▶ [Exercise brief]: Text in the records must be reproduced exactly, and pictures must be skipped.

(Stored items from a collection)
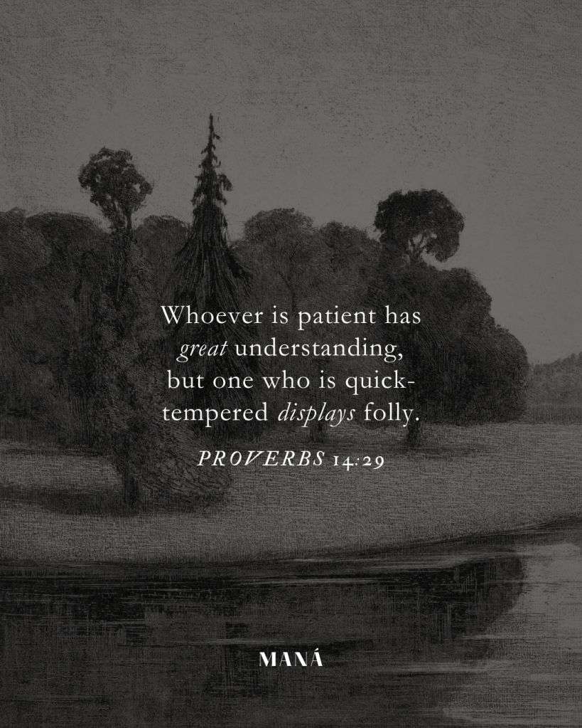Many of Solomon’s proverbs compare and contrast the upright and the wicked. Pick almost any chapter, and we can read about the way of the righteous and warnings against the path of the wayward and corrupt. In 14:29, we are reminded that wisdom is not immediate. It takes time to obtain knowledge, and part of the struggle is choosing wisdom when folly is more attainable, rewarding, and desirable. What is the point of acquiring knowledge and wisdom if not to use it? As we go out into the week, let us recognize the situations where we can reside in wisdom and resist being reactionary, full of rage, and impulse. And even if we have a moment of weakness where anger gets the best of us, let it be fleeting. Let us not harden ourselves to goodness, and let us not seek intentions that work to harm others.
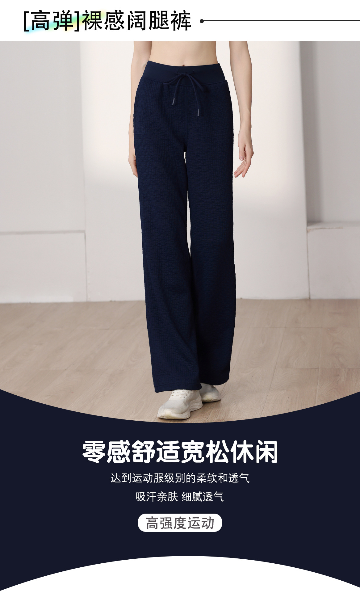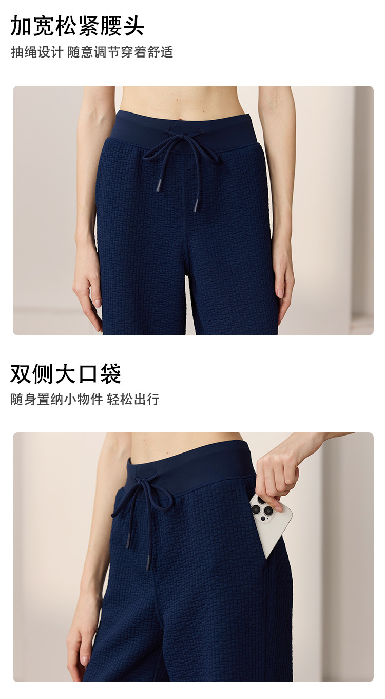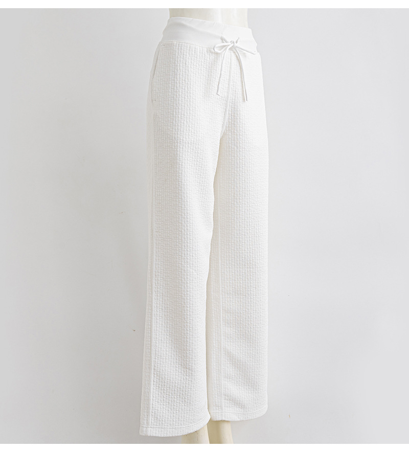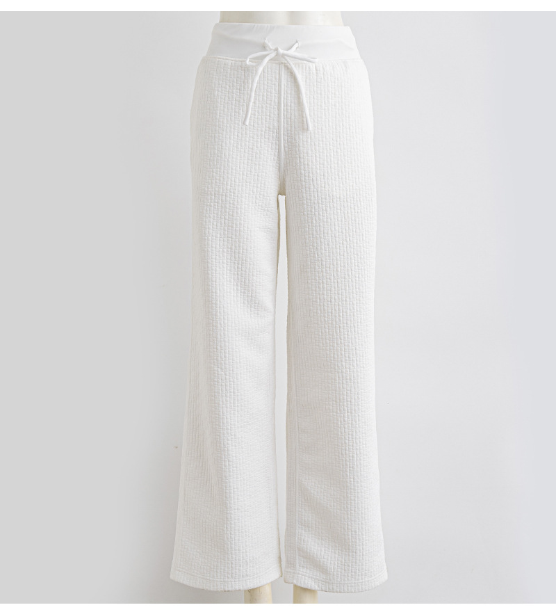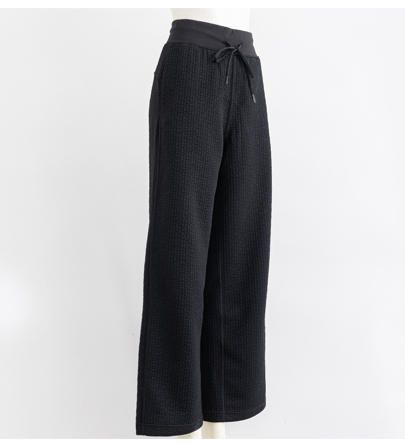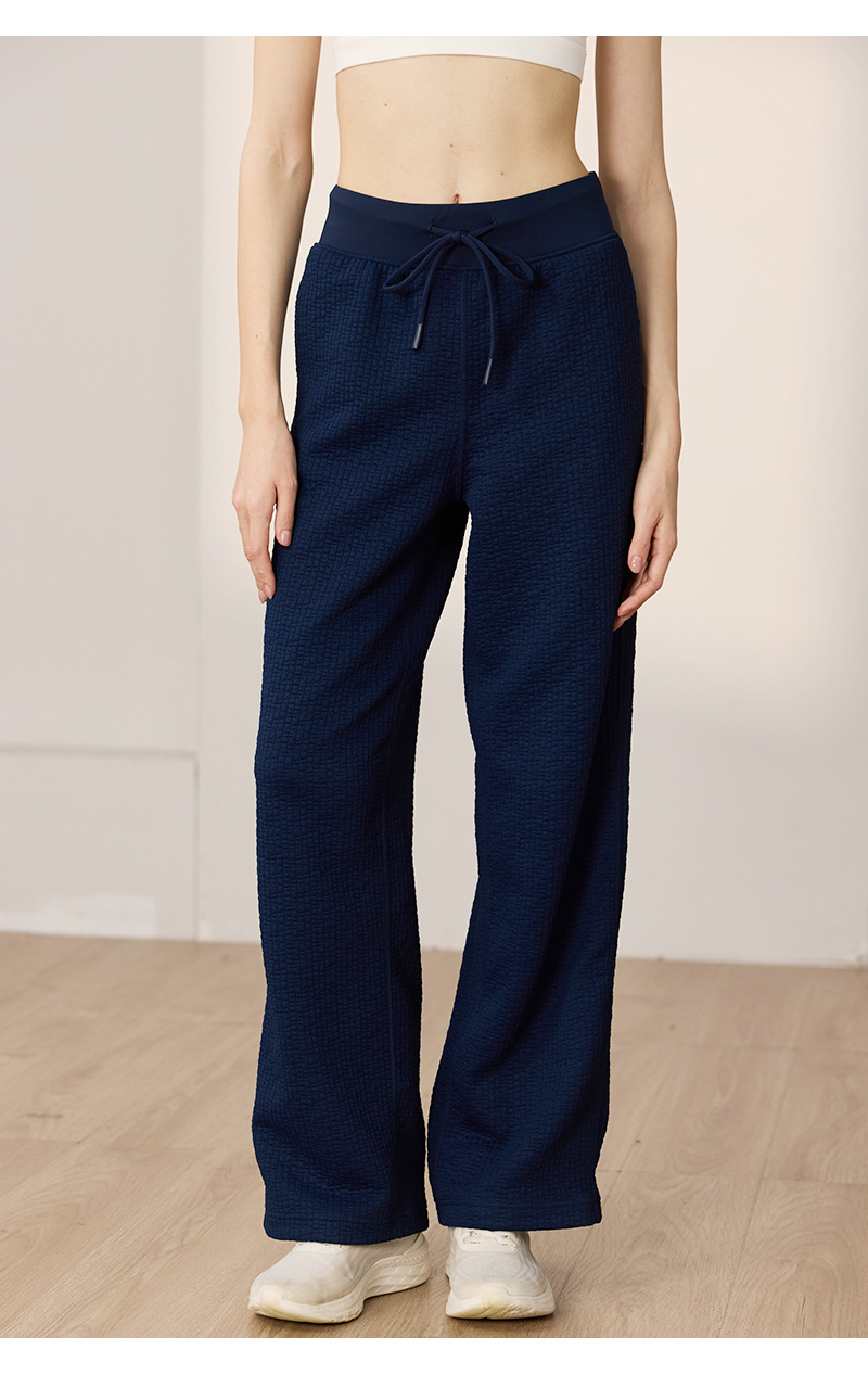 질감이있는 와플 질감 바지 여성의 높은 허리 탄성 현악기 넓은 다리 바지 스포츠 요가 피트니스 바지스토어 가기
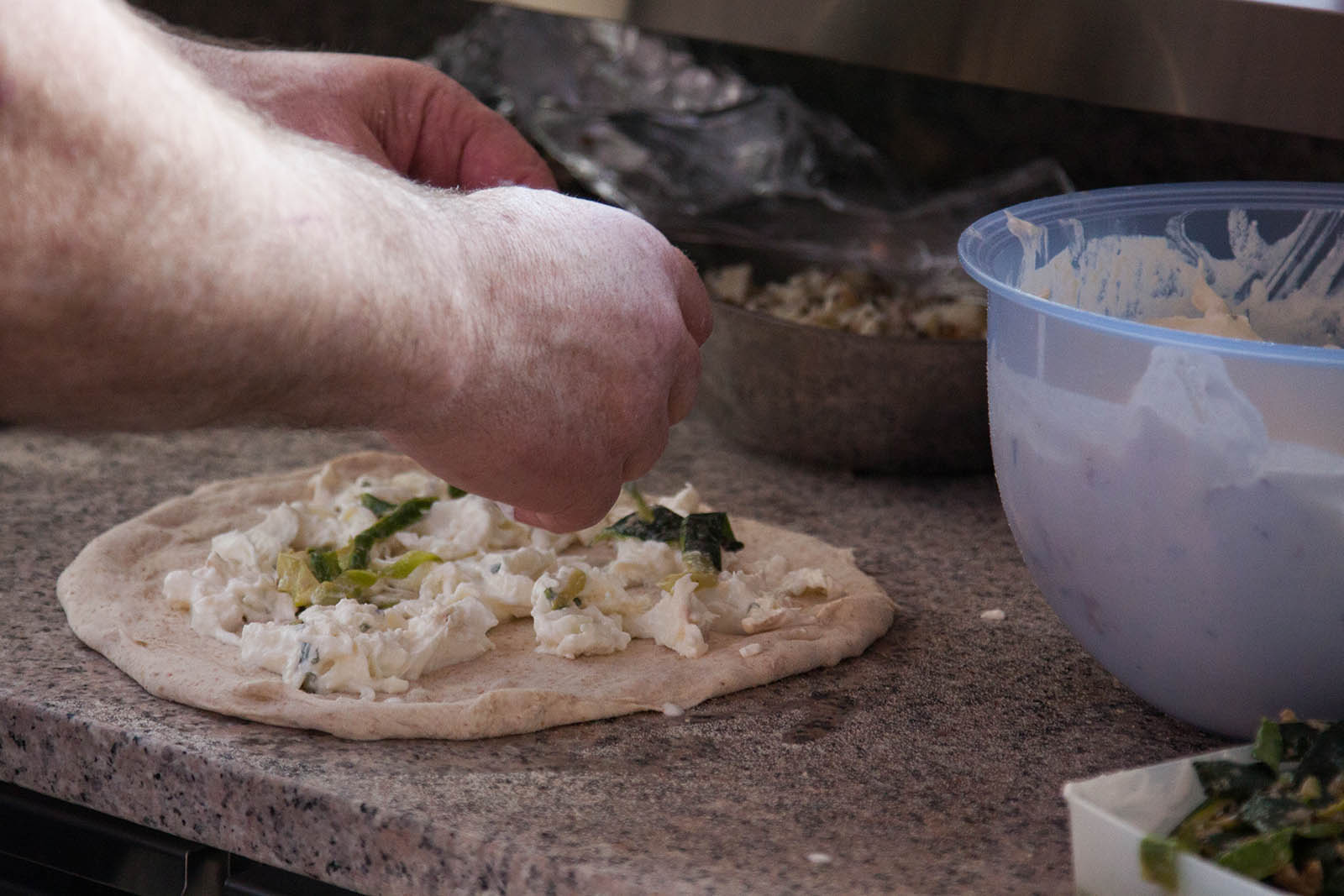 Lui è venuto la prima volta in Italia a 33 anni, ha conosciuto la nostra terra e la nostra cucina e ne è rimasto folgorato: “Se mi chiedono quale sia la mia patria rispondo: sangue russo, piedi americani ma cuore italiano”. Poi è tornato a 50 anni per imparare a fare la pizza, a Napoli naturalmente. “Da Enzo Coccia ho capito che non puoi imparare in pochi mesi, ci vuole una vita intera”. Lui sono 13 anni che lavora come pizzaiolo e ha imparato piuttosto bene, come dimostra l’assaggio proposto al congresso, l’avvolgente Pizza Blu: impasto a base di farina Blu Caputo più un 20% di Cuor di Cereali, condito con cipolle caramellate, funghi, noci, fiordilatte misto bufala e un formaggio toscano affinato nelle bacche di mirto, quasi un erborinato (blue cheese, in Inglese) ma dal gusto non troppo invadente. Fresca ed estiva invece la pizza di Caporuscio, con impasto “scuro” (a base di farina tipo 1) condito con stracciatella di mozzarella di bufala tradizionale e affumicata in infusione di limone e menta e zucchine saltate con acciughe. Decisamente mediterranea.
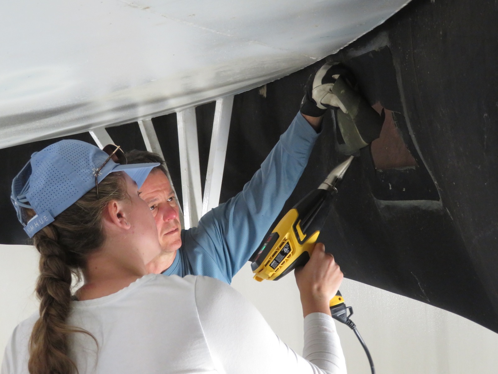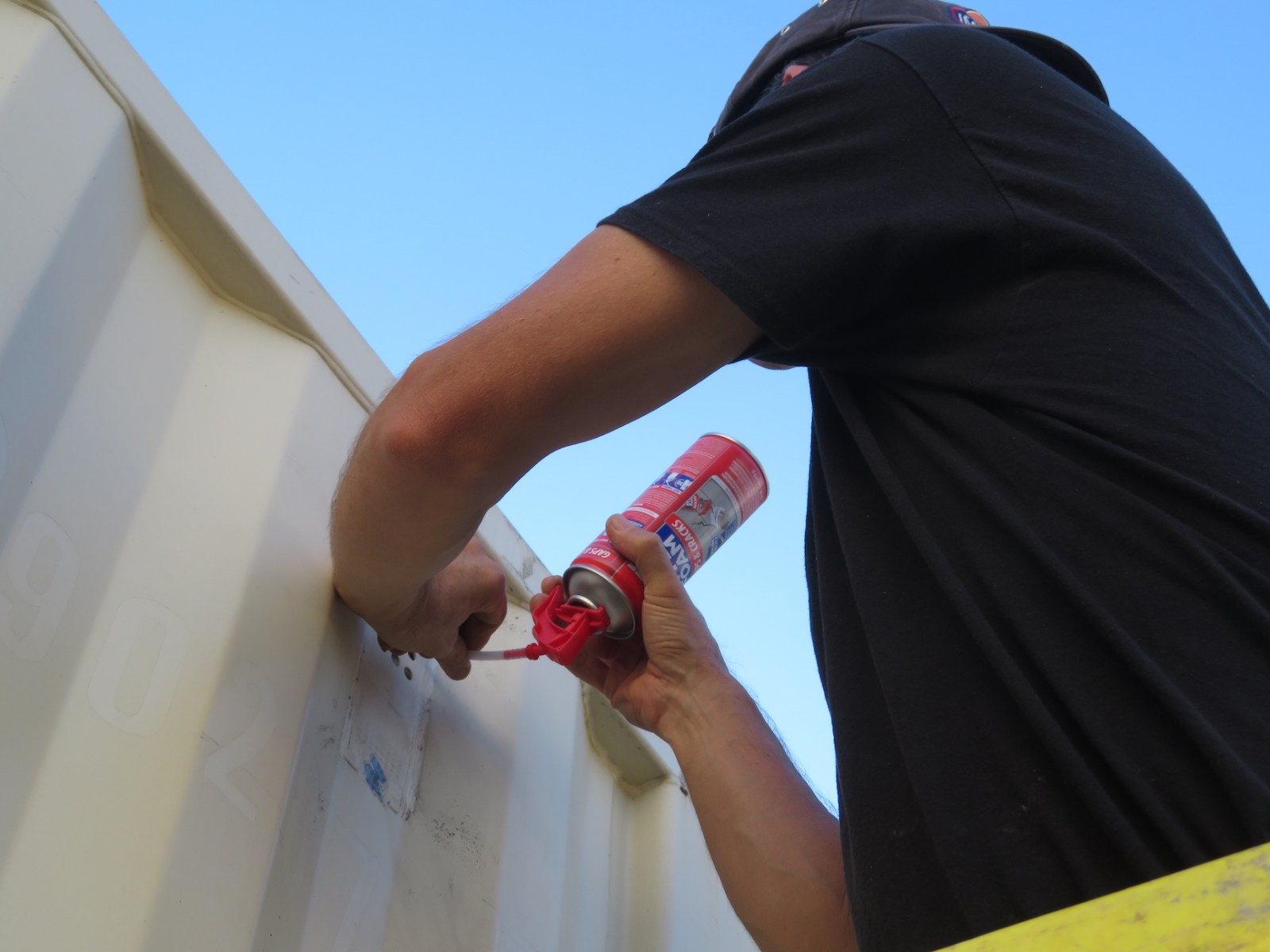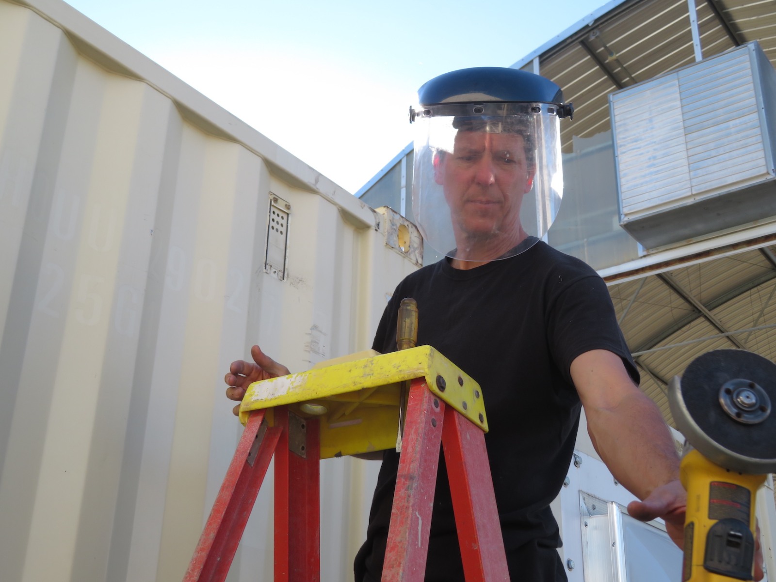 This past week has seen tearing things apart more than putting them together, which feels like progress lost even when we know it is the best way forward. In order to weld the perimeter of the end of the 20′ container we had to remove the west-end insulation panels installed this summer—two days of effort undone in a few hours. We learned how well the construction adhesive adhered and the properties of expansion foam in small and large spaces. What’s more, we cut channels in the side walls in order to visually see (and later test) the quality of the weld by exposing the seam on the inside for our auditory and visual inspection during consecutive pressure tests.
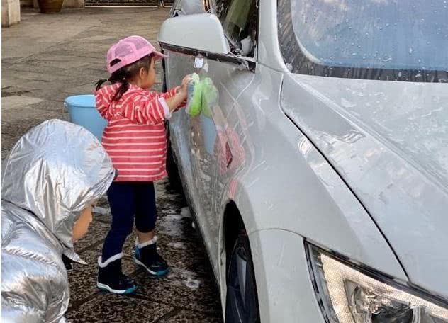 从图片傍边咱们咱们能够看到,小女儿现已将车子的一侧擦洗得十分洁净了,但她却仍是没有停下来的意思,持续仔细的擦车。能够看得出来,小女儿虽然身高不够高,可是她对洗车的使命十分重视。一起霍启刚的儿子也在车的别的一旁擦洗着车子的外部。一儿一女一起洗车的相片也引发了网友们的热议。
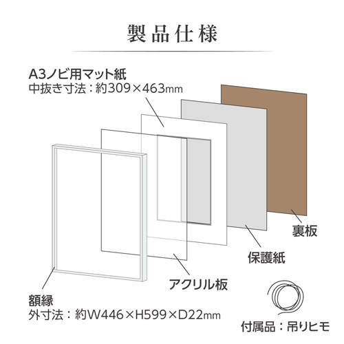 作品を引き立たせる細身のフレームとワイドマット![]() 細身のフレームとワイドマット、Vカット加工による奥行き感が展示会などで作品をより引き立たせます。 壁掛けに対応![]() 付属の吊りヒモと裏面の吊り金具を使用して、タテ・ヨコどちらの向きでも壁掛けが可能です。 軽くて割れにくい高透明アクリル板を採用![]() 前面板にはガラスよりも軽くて割れにくく、扱いやすいアクリル板を使用しています。高い透明度を持ち、作品本来の美しさを損なうことなく飾ることができます。また、耐候性にも優れており、環境や経年変化による劣化が少ないので、長期間にわたって作品を美しい状態に保つことができます。 製品サイズ![]() 製品仕様![]() フレーム形状イメージ図![]() 背面仕様![]() 画像はホワイト 日本製の高品質なアルミフレーム![]() 高品質な日本製アルミフレームを採用し、国内工場での厳格な品質管理のもと生産。安心してお使いいただけます。 ご使用方法(フレームのはずし方)![]() プラスまたはマイナスドライバーをご用意ください。 作品メモを書き込めるパッケージ![]() パッケージは、しっかりとした段ボール素材を採用。表面には、展示会への提出や収納する内容の記載などに使える便利なメモ欄が付いています。(画像はA4) 複数枚の使用イメージ![]() 使用イメージ![]() (画像はシルバー) 使用イメージ![]() (画像はシルバー) サイズ違い複数枚の使用イメージ![]() |

▶ [Answer below]:
Many of Solomon’s proverbs compare and contrast the upright and the wicked. Pick almost any chapter, and we can read about the way of the righteous and warnings against the path of the wayward and corrupt. In 14:29, we are reminded that wisdom is not immediate. It takes time to obtain knowledge, and part of the struggle is choosing wisdom when folly is more attainable, rewarding, and desirable. What is the point of acquiring knowledge and wisdom if not to use it? As we go out into the week, let us recognize the situations where we can reside in wisdom and resist being reactionary, full of rage, and impulse. And even if we have a moment of weakness where anger gets the best of us, let it be fleeting. Let us not harden ourselves to goodness, and let us not seek intentions that work to harm others.
 질감이있는 와플 질감 바지 여성의 높은 허리 탄성 현악기 넓은 다리 바지 스포츠 요가 피트니스 바지스토어 가기
 Lui è venuto la prima volta in Italia a 33 anni, ha conosciuto la nostra terra e la nostra cucina e ne è rimasto folgorato: “Se mi chiedono quale sia la mia patria rispondo: sangue russo, piedi americani ma cuore italiano”. Poi è tornato a 50 anni per imparare a fare la pizza, a Napoli naturalmente. “Da Enzo Coccia ho capito che non puoi imparare in pochi mesi, ci vuole una vita intera”. Lui sono 13 anni che lavora come pizzaiolo e ha imparato piuttosto bene, come dimostra l’assaggio proposto al congresso, l’avvolgente Pizza Blu: impasto a base di farina Blu Caputo più un 20% di Cuor di Cereali, condito con cipolle caramellate, funghi, noci, fiordilatte misto bufala e un formaggio toscano affinato nelle bacche di mirto, quasi un erborinato (blue cheese, in Inglese) ma dal gusto non troppo invadente. Fresca ed estiva invece la pizza di Caporuscio, con impasto “scuro” (a base di farina tipo 1) condito con stracciatella di mozzarella di bufala tradizionale e affumicata in infusione di limone e menta e zucchine saltate con acciughe. Decisamente mediterranea.
 This past week has seen tearing things apart more than putting them together, which feels like progress lost even when we know it is the best way forward. In order to weld the perimeter of the end of the 20′ container we had to remove the west-end insulation panels installed this summer—two days of effort undone in a few hours. We learned how well the construction adhesive adhered and the properties of expansion foam in small and large spaces. What’s more, we cut channels in the side walls in order to visually see (and later test) the quality of the weld by exposing the seam on the inside for our auditory and visual inspection during consecutive pressure tests.
 从图片傍边咱们咱们能够看到,小女儿现已将车子的一侧擦洗得十分洁净了,但她却仍是没有停下来的意思,持续仔细的擦车。能够看得出来,小女儿虽然身高不够高,可是她对洗车的使命十分重视。一起霍启刚的儿子也在车的别的一旁擦洗着车子的外部。一儿一女一起洗车的相片也引发了网友们的热议。
 作品を引き立たせる細身のフレームとワイドマット![]() 細身のフレームとワイドマット、Vカット加工による奥行き感が展示会などで作品をより引き立たせます。 壁掛けに対応![]() 付属の吊りヒモと裏面の吊り金具を使用して、タテ・ヨコどちらの向きでも壁掛けが可能です。 軽くて割れにくい高透明アクリル板を採用![]() 前面板にはガラスよりも軽くて割れにくく、扱いやすいアクリル板を使用しています。高い透明度を持ち、作品本来の美しさを損なうことなく飾ることができます。また、耐候性にも優れており、環境や経年変化による劣化が少ないので、長期間にわたって作品を美しい状態に保つことができます。 製品サイズ![]() 製品仕様![]() フレーム形状イメージ図![]() 背面仕様![]() 画像はホワイト 日本製の高品質なアルミフレーム![]() 高品質な日本製アルミフレームを採用し、国内工場での厳格な品質管理のもと生産。安心してお使いいただけます。 ご使用方法(フレームのはずし方)![]() プラスまたはマイナスドライバーをご用意ください。 作品メモを書き込めるパッケージ![]() パッケージは、しっかりとした段ボール素材を採用。表面には、展示会への提出や収納する内容の記載などに使える便利なメモ欄が付いています。(画像はA4) 複数枚の使用イメージ![]() 使用イメージ![]() (画像はシルバー) 使用イメージ![]() (画像はシルバー) サイズ違い複数枚の使用イメージ![]() |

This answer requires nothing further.